エリザベータ・アンゲルトリューテン・ウォンチョンが言った。

「そうじゃの。まずは旅支度じゃ。一時間後に村の門の前に集合じゃ」

村長はそう言うと、本屋を出ていった。

「とりあえず準備だな。ギャンビット、食糧を調達してきてくれ」

アルフレッドはギャンビットに金を渡した。

「エドモンド」

ギャンビットはうれしそうな顔をして走り出した。これで本屋にはアルフレッドとエリザベータ・アンゲルトリューテン・ウォンチョンの二人だけになった。

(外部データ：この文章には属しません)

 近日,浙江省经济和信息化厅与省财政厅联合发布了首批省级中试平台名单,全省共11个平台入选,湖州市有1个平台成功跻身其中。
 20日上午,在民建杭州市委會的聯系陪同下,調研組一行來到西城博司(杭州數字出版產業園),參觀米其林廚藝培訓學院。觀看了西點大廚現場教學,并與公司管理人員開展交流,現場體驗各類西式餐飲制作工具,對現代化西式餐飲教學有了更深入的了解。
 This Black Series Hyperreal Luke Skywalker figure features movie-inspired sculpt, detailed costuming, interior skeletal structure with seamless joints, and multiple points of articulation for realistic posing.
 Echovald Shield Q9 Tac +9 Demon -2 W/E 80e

「アルフレッド、手紙に書いてあるモンゴリアン駅ってどこにあるんだい?」

「さあ・・・」

「は?知らないのか?」

エリザベータ・アンゲルトリューテン・ウォンチョンは呆れた様な目をしている。

「まぁまぁ、うちは本屋だぜ?地図で調べりゃすぐ分かるさ」

アルフレッドは本棚から大きな地図帳を引っ張り出し、モンゴリアン駅を探しだした。

「えーと、モンゴリアン・・・モンゴリアン・・・」

数分たっても、アルフレッドはまだ地図と格闘している。

「モンゴリアン・・・あった!」

「どこにあるんだ?」

「スピン市だ。スピン市のど真ん中の地下鉄の駅だ」

「へぇ〜へぇ〜」

エリザベータ・アンゲルトリューテン・ウォンチョンはレジの置いてある台ををばしばし叩いた。

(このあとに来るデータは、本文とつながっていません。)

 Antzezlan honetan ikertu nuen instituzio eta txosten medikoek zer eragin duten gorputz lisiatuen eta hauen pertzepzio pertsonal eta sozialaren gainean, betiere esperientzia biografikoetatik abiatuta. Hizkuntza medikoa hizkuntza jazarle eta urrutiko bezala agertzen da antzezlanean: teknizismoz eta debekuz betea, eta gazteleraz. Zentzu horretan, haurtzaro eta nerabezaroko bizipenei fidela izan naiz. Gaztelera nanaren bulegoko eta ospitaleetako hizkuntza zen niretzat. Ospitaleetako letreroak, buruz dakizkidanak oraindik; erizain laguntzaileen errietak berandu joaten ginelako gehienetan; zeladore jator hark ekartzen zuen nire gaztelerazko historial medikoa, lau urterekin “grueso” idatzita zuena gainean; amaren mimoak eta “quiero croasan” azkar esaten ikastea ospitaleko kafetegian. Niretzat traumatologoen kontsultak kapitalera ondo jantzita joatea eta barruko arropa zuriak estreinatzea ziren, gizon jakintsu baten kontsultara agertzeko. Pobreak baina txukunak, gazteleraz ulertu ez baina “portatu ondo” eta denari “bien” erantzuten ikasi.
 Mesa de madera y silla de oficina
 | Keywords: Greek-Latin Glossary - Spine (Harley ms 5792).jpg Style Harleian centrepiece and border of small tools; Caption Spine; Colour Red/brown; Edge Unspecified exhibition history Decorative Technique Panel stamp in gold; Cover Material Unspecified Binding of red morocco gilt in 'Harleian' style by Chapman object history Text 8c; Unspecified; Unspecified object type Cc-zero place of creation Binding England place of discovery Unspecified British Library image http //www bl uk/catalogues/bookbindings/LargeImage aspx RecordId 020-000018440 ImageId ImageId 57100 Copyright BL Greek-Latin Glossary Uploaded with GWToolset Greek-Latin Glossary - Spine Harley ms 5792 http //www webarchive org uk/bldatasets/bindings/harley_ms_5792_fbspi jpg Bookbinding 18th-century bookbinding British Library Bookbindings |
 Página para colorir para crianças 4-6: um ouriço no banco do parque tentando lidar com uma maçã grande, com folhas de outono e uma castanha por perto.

アルフレッドは平然とエリザベータ・アンゲルトリューテン・ウォンチョンの行動を無視した。

「うちの村からだと西に五十キロってとこだな」

「馬で行けばすぐじゃないか」

〈俺はラバだけどな!〉

アルフレッドは心の中で叫んだ。

「ギャンビットが帰ってくる前に準備を終わらそう」

「あたしはもう終わってるよ」

「いやいや、さっきから何もやってないじゃんか」

「あたしはこれがあれば他は何もいらないよ」

エリザベータ・アンゲルトリューテン・ウォンチョンは、ベルトに差してある大きな斧と携帯に便利な小型の斧を見せた。

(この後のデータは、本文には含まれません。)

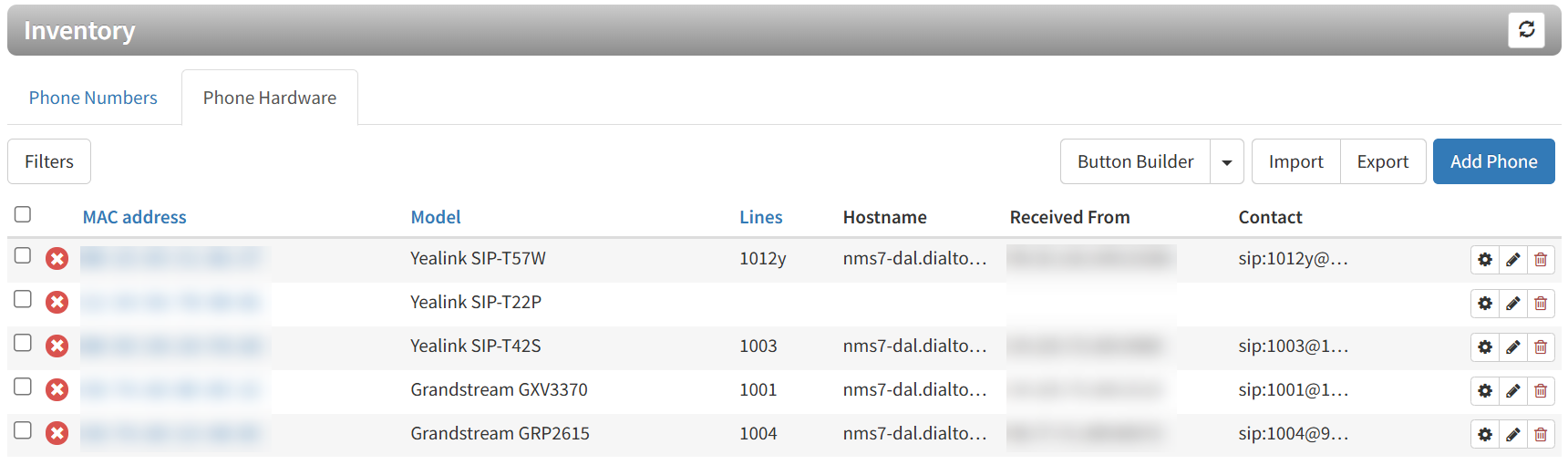 The Phone Hardware tab allows you to filter, add, edit, open Button Builder, importing phones, and export information about the phone hardware in your system.

考えてみれば、エリザベータ・アンゲルトリューテン・ウォンチョンはずっと同じ格好をしている。普段は香水でごまかしているが、近寄るともの凄く臭い時がある。真性の風呂嫌いだった。

アルフレッドは自分の部屋に戻り、荷造りをした。短剣と古文書だけは忘れてはいけない。これがアルフレッドがレイモンド家の落胤だということを証明するものに他ならない。さらに、母からもらった指輪とペンダントを身に付けた。

「おーい、ギャンビットが帰ってきたぞ!」

「分かった、すぐ行く!」

アルフレッドが店に出ると、二人が待っていた。

「エドモンド」

ギャンビットは何故かにこにこしている。

アルフレッドが荷造りをしている間に食糧も積み終わったようだ。

「じゃあ、門まで行くか」

三人は馬とラバを連れ、村長の指定した門までやってきた。あれからきっかり一時間たっている。村長はまだ来ていない。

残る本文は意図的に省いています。